Assim como Pedro, outros sujeitos da pesquisa destacaram a importância e a necessidade de haver comprometimento do professor com seu processo de desenvolvimento profissional e colaboração entre todas as pessoas envolvidas na dinâmica da ação educativa. Em outras palavras, tal como propõem Kenski (2007) e Ponte (2000), o uso pedagógico das tecnologias implica todos trabalhando em favor da inserção desses recursos na prática educativa escolar. É esse o foco do recorte 28.

Excerto 28 Chat de 15/09/2007

(15:23:36) Débora fala para Todos:Acho que temos que interagir mais entre os professores, temos que realmente entrar em contato, trocar idéias, auxiliar um ao outro [...] precisamos nos comprometer.

por uma formação pedagógica, didática e tecnológica. Muitos de nós possuem as duas primeiras, mas não tiveram a tecnológica. Acho que é esta que está dificultando o andamento do trabalho, por isto é que devemos procurar nos aperfeiçoar em cursos ou formação continuada na área da tecnologia. Todos sabemos o conteúdo (didática) e utilizamos diversas estratégias em nossas aulas, sempre com base nas teorias (pedagógicas), mas no momento de implantarmos nossa formação tecnológica temos dificuldades.

(15:59:51) Débora fala para Todos: Aprendizagem colaborativa, professor-formador com sensibilidade para trabalhar no ritmo e tempo, construindo um grupo de aprendizagem colaborativo ao percurso cognitivo de cada , trabalhando com a telematica para privilegiar a reflexão e a organização dos professores envolvidos.

(16:00:08) Pedro fala para Todos: e esta dificuldade é por não conhecer ou saber utilizar os diversos softwares, tecnologias digitais e outros materiais técnico-educacionais

(16:01:23) Marina fala para Todos: cabe a nós profes nos adequarmos ao momento e fazermos das nossa práticas em sala experiências novas, acertando e errando também, [...]

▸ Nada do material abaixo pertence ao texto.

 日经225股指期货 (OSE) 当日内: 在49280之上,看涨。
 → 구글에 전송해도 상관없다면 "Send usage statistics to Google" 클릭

Subjacente aos aspectos evidenciados nos depoimentos apresentados no excerto 27, destaco, entre outras coisas, a carência de políticas públicas e programas de formação continuada para uso educacional das tecnologias no âmbito da rede pública de ensino do RS. Por conseqüência, ao refletirem sobre formação continuada versus incorporação das tecnologias na prática pedagógica, os professores apresentaram discursos evasivos e desprovidos de argumentos teóricos ou práticos. Interpreto isso como um discurso sem reflexão, que muitas vezes reproduz discursos oficiais ou chavões.

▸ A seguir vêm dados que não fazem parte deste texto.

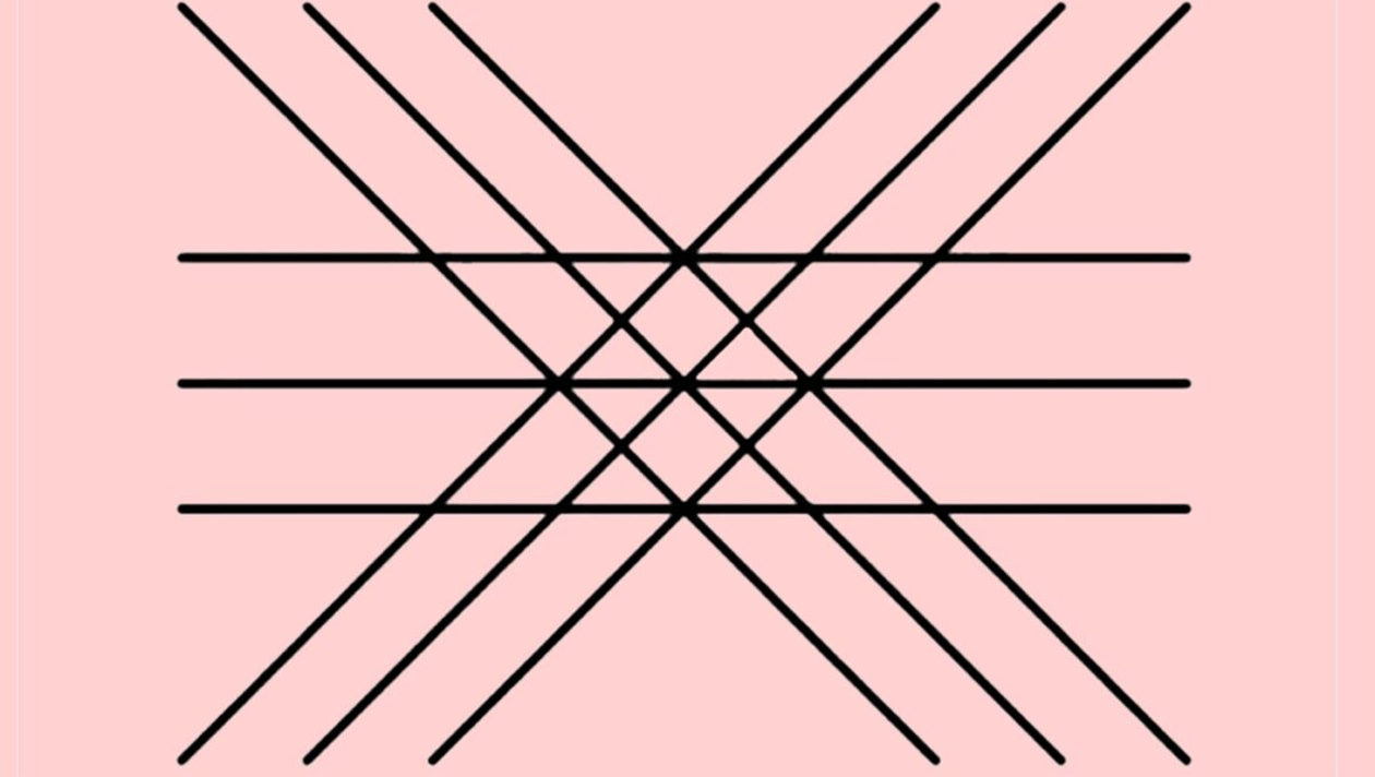 În imaginea de mai sus există o serie de linii drepte, negre, care se unesc în anumite puncte. Totodată, trebuie să luați în considerare faptul că există trei seturi de linii paralele, care au, la rândul lor, câte trei linii negre. Practic, sunt nouă linii în total. Dar câte triunghiuri? La o atenție deosebită asupra imaginii se pot identifica 22 de triunghiuri.

Diante do exposto, considero que as experiências formativas voltadas ao uso pedagógico das tecnologias podem favorecer a apropriação de conhecimentos pedagógico- tecnológicos em matemática, pois ampliam o leque de possibilidades de uso desses recursos, vislumbradas pelos professores, potenciando o desenvolvimento profissional docente. Por outro lado, entendo que a ausência dessas vivências restringe o campo de visão dos professores em relação às possibilidades de uso, limitando o seu desenvolvimento profissional e suas práticas sociais e profissionais.

Contudo, vale lembrar que apenas a participação do professor em ações formativas dessa natureza não garante o sucesso da apropriação de conhecimentos pedagógico- tecnológicos ou de novas práticas. Antes de tudo, o professor precisa ser apoiado e incentivado nesse processo de mudança por todos os segmentos escolares, tal como propõe Dayrell (1996), e também por um projeto de informática educativa.

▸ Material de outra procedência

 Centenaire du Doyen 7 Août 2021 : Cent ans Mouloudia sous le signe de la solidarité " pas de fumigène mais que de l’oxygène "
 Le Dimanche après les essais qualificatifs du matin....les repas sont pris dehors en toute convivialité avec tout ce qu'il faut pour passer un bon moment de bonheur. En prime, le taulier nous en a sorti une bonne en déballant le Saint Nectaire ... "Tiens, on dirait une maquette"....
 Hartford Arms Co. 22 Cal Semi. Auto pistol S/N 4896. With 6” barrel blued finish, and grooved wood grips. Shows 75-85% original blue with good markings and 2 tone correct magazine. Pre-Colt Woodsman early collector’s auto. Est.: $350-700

Outro fator, associado à ineficiência das ações que são promovidas, diz respeito ao propósito dessas que, na maioria das vezes, consiste em favorecer a formação básica para uso desses recursos ou apenas favorecer a inclusão tecnológica de professores da rede pública.

Esses aspectos contrapõem-se as considerações de Bairral (2005). Esse autor defende a necessidade do professor da escola pública vivenciar experiências formativas baseadas no uso das tecnologias, como uma forma de favorecer mudanças em termos da concepção sobre o uso desses recursos na educação, bem como mudanças na prática pedagógica do professor e na escola em seu conjunto.